But AI factories don’t follow that pattern. They are relentless. Data doesn’t just flow in and out. It ricochets around the system, spawning new datasets, new training sets, new inferences, new transactions–each iteration generating more data, which in turn feeds back into the pipeline.
The data lifecycle in AI is a hurricane. And parallel file systems? They were built for a gentle breeze.
As Heichler explained, HPC’s reliance on large-block, sequential IO made sense when data was neatly staged and stored in predictable chunks. But AI is random by design. Datasets are fragmented, data flows are unpredictable, and every data point is a potential input for the next training run.
The very concept of “sequential IO” becomes meaningless when every data access is a scattershot read across hundreds of tiny files, each demanding immediate access.
And the problem isn’t just that data is random.
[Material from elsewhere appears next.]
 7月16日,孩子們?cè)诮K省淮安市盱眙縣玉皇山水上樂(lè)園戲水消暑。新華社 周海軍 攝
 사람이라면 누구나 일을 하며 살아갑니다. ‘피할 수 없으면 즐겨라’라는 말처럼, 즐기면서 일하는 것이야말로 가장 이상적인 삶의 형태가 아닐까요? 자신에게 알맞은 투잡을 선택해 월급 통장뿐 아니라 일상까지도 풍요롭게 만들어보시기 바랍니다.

It’s that AI is greedy.
In HPC, data sat in storage until it was needed. In AI, data is always in motion, always being processed, always being retrained. The same dataset that just finished training one model is immediately fed back into another. Every result generates more data, which in turn creates more training, which in turn creates more results.
The pipeline isn’t just a pipeline—it’s a cycle. A factory. A machine that never shuts down.
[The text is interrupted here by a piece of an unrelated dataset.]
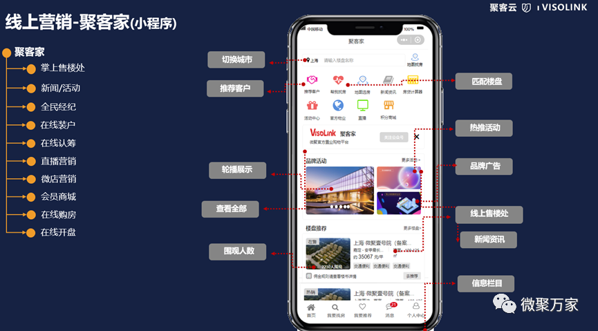 截至目前,微聚万家与旭辉集团近三年左右的通力合作,微聚万家为旭辉营销信息化打造了多项标杆产品项目,例如:营销管理、佣金管控、首开管控、营销流程管控、旭客家、旭客通、旭客汇等多项产品,有力的支撑了旭辉集团内外对数字化营销的迫切需求与发展策略

HPC systems were never built to handle that kind of load. Parallel file systems were engineered to deliver massive, sequential data transfers as fast as possible.
But AI data doesn’t arrive in massive blocks. It arrives in fragments, in wee-bitty, random IO bursts that hit the storage layer in unpredictable waves, slamming the system with a barrage of async reads and writes. And if the data isn’t accessible instantly, the entire pipeline stalls.
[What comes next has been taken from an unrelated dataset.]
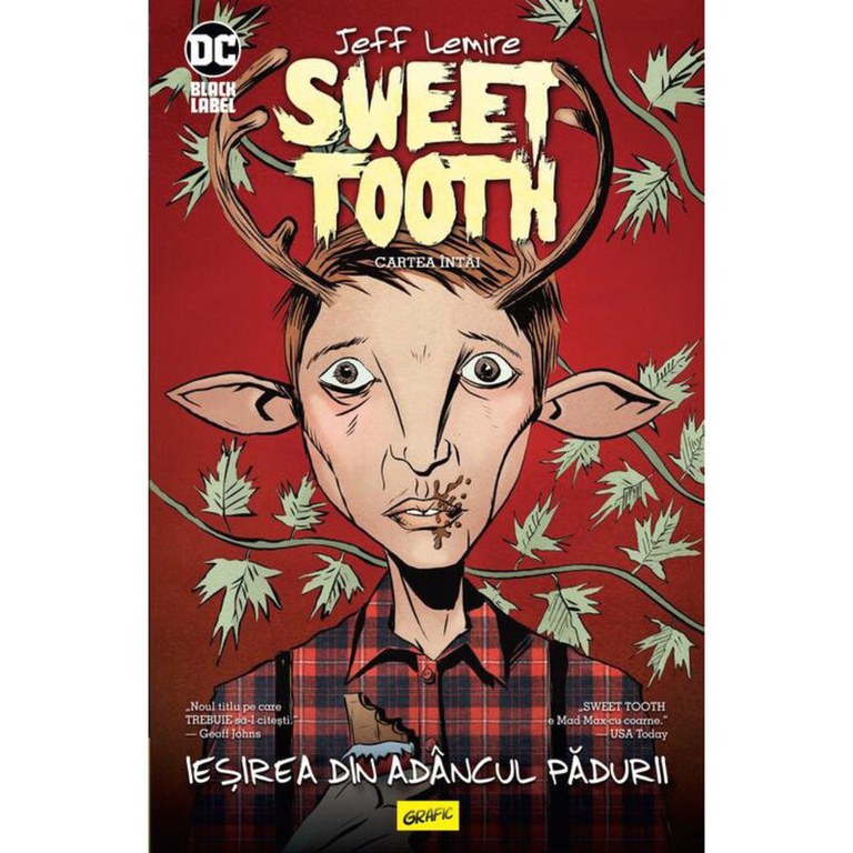 Cu zece ani in urma, Boala s-a raspandit ca focul, ucigand miliarde de oameni, iar singurii copii nascuti de atunci sunt o noua specie de hibrid om-animal. Gus este unul dintre acesti copii, un baiat cu trasaturi de cerb, cu suflet bun si... mare amator de dulciuri. Dar pe capul copiilor-hibrid s-au pus recompense, iar Gus e in mare pericol. Ramas orfan, e cat pe ce sa fie prins de vanatori, dar Jepperd, un barbat misterios, il salveaza in ultima clipa. Vagabondul cu statura de urias ii promite lui Sweet Tooth, asa cum l-a poreclit el pe Gus, ca-l va duce in „Rezervatie", un refugiu pentru hibrizi. Insa drumul pana acolo e presarat cu pericole, iar Sweet Tooth mai are multe de invatat despre cum merg lucrurile in lume. In traditia romanelor "Drumul" de Cormac McCarthy si "Apocalipsa" de Stephen King, artistul si scriitorul Jeff Lemire, nominalizat la premiul Eisner, prezinta o noua si indrazneata viziune postapocaliptica despre soarta umanitatii, valoarea inocentei si prieteniile neasteptate care se pot lega chiar si in cele mai intunecate locuri.

In the AI world, latency isn’t a nuisance, it’s a killer. If data can’t be accessed immediately, training grinds to a halt, inference stalls, and the entire AI factory seizes up.
Parallel file systems weren’t built for that kind of demand. They were built to handle big, predictable transfers, not the relentless, fragmented IOs that define AI pipelines.
So the AI builders moved on. They ditched tiering, shoved everything onto flash, and started treating every dataset—files, objects, vectors—as a single, unified pool of data that had to be accessible all the time. No staging. No waiting. Just immediate access across every layer of the pipeline. And every layer is generating more data, more IOs, more pressure on the system.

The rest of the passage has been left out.